– Думал, бароны не хотят видеть меня на встрече.
– Не хотят, – говорит Лисутарида. – Но я беру вожжи в свои руки. Ты мой советник, поэтому должен там быть. Ежели им это не по нраву, это их сложности. Есть вероятность того, что ты не напьёшься и не будешь вести себя неучтиво?
– Вероятность есть всегда.
– Если Дарингос будет присутствовать там, я постараюсь устроить тебе с ним разговор, – говорит Лисутарида.
После завтрака, состоящего из каравая хлеба и последнего копчёного куска говядины из кладовки, я топаю в Королевский учётный приказ поговорить с Цетеносом, отцом несчастной Алцетен. Я несу с собой сопроводительное письмо от баронессы Демелзос.
Охранниками те же два ратника, и на этот раз они не безразличны ко мне. Они допытываются на счёт моего дела и не дружелюбны. Ясно, кто-то поговорил на мой счёт. Говорю им, что пришёл перетереть с Цетеносом.
– Хранитель Королевского учётного приказа не разговаривает с посетителями.

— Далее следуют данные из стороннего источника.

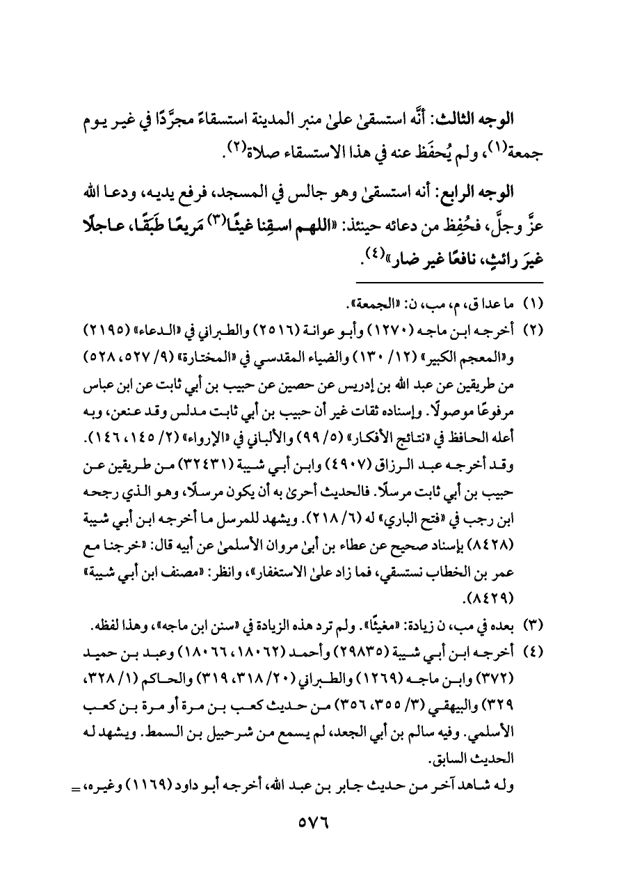 (¬٢) أخرجه ابن ماجه (١٢٧٠) وأبو عوانة (٢٥١٦) والطبراني في «الدعاء» (٢١٩٥) و «المعجم الكبير» (١٢/ ١٣٠) والضياء المقدسي في «المختارة» (٩/ ٥٢٧، ٥٢٨) من طريقين عن عبد الله بن إدريس عن حصين عن حبيب بن أبي ثابت عن ابن عباس مرفوعًا موصولًا. وإسناده ثقات غير أن حبيب بن أبي ثابت مدلس وقد عنعن، وبه أعله الحافظ في «نتائج الأفكار» (٥/ ٩٩) والألباني في «الإرواء» (٢/ ١٤٥، ١٤٦). وقد أخرجه عبد الرزاق (٤٩٠٧) وابن أبي شيبة (٣٢٤٣١) من طريقين عن حبيب بن أبي ثابت مرسلًا. فالحديث أحرى به أن يكون مرسلًا، وهو الذي رجحه ابن رجب في «فتح الباري» له (٦/ ٢١٨). ويشهد للمرسل ما أخرجه ابن أبي شيبة (٨٤٢٨) بإسناد صحيح عن عطاء بن أبى مروان الأسلمى عن أبيه قال: «خرجنا مع عمر بن الخطاب نستسقي، فما زاد على الاستغفار»، وانظر: «مصنف ابن أبي شيبة» (٨٤٢٩).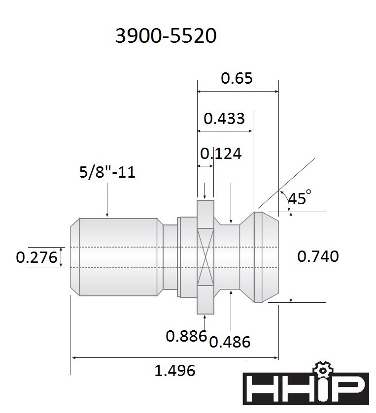ANSI CAT40 X 45 DEGREE 5/8-11 COOLANT THRU PULL STUD PS11122 FITS FADAL (3900-5520) (SKU: 3900-5520)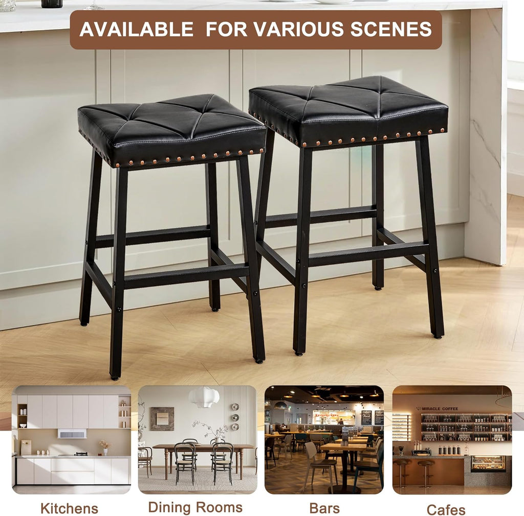 • Comfortable Sitting: These counter stools feature an ergonomic saddle seat and footrests, the seat is upholstered in durable PU material and filled with 3.3” high-density foam for exceptional support and comfort. The bar stool effectively alleviates fatigue from prolonged sitting.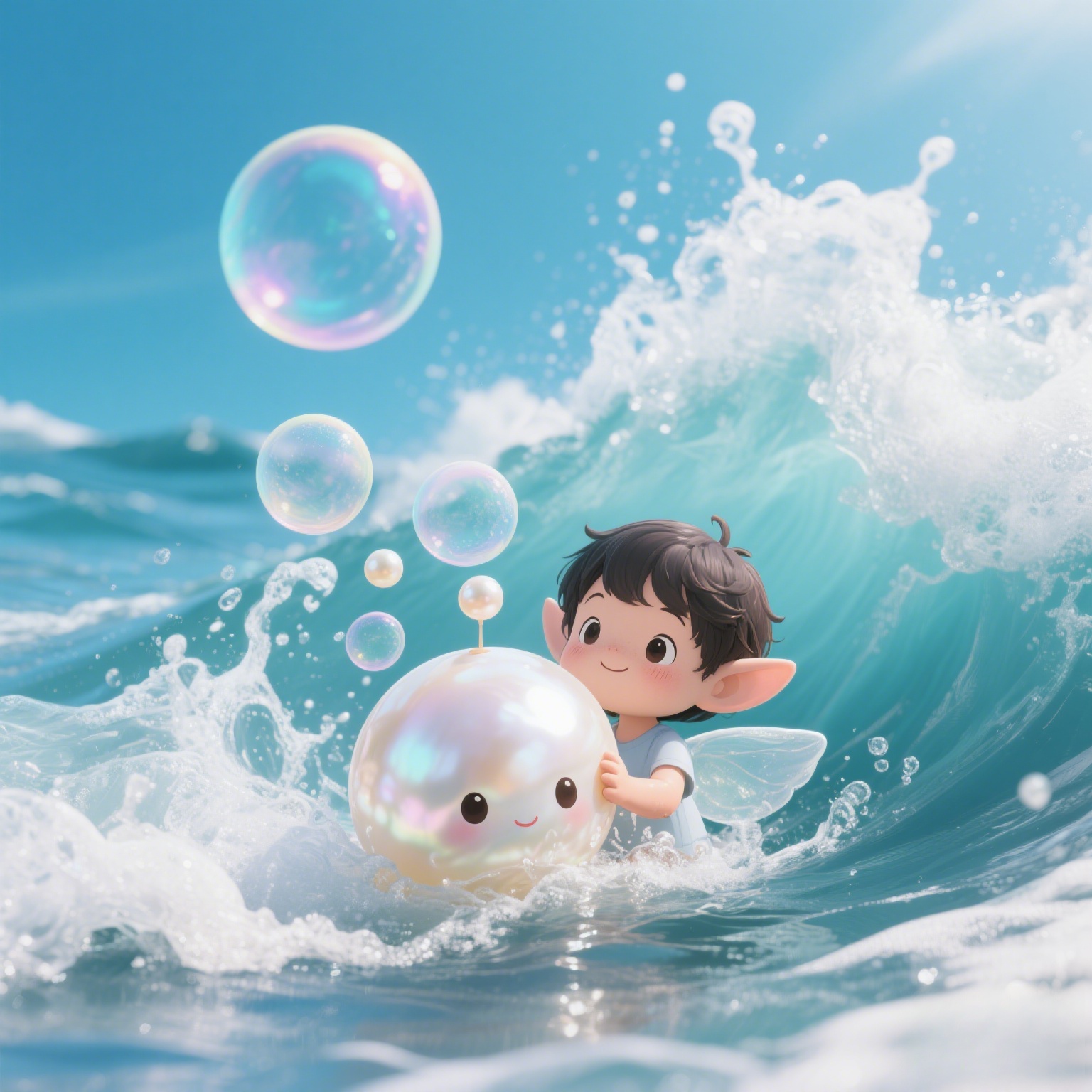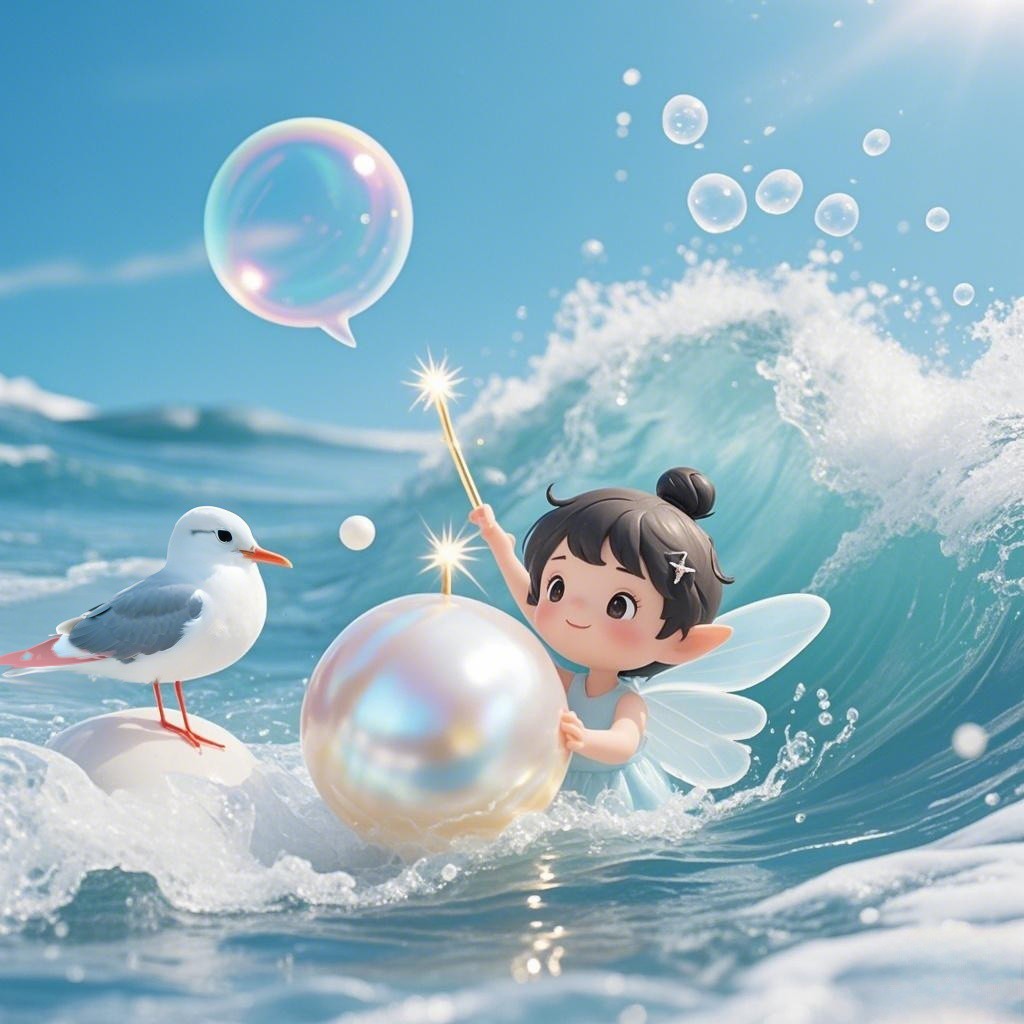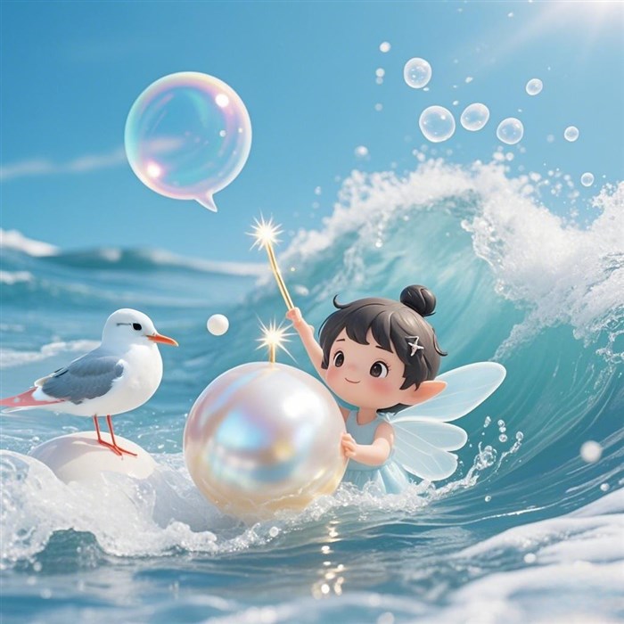 浪花里钻出个珍珠小精灵,"善良的孩子会得到三颗愿望泡泡哟~"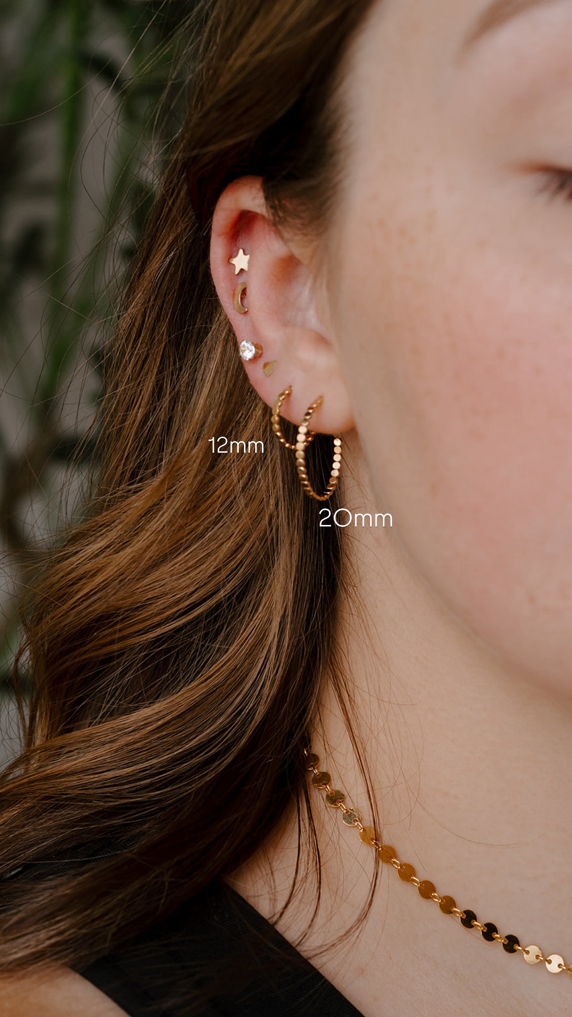 12mm Huggie – Everyday Mini: Small but mighty. A subtle pop with just the right amount of shine for daily wear.

– Со мной поговорит, – отвечаю я. – Да и причин мешать мне входить у вас нет.
Один из ратников смеётся.
– Впусти его. Всё одно Зинлантол его вышвырнет вон.
Зинлантол сидит за своим столом. Она начинает люто пялиться на меня, пока я ещё нахожусь на достаточном расстоянии, и продолжает это делать.
– Я пришёл поговорить с Цетеносом.
– Он не принимает.
– Сопроводительное письмо от баронессы Демелзос свидетельствует об обратном, – я не теряю время на размахивания им. Зинлантол воспринимает это как большой удар. Изучив личную печать, она неохотно признаёт, что она подлинная. Она встаёт со стула и говорит с молодым помощником.
– Скажи Цетеносу, к нему пришли. Сыщик из Турая, и, можешь себе представить, с представлениями от баронессы Демелзос.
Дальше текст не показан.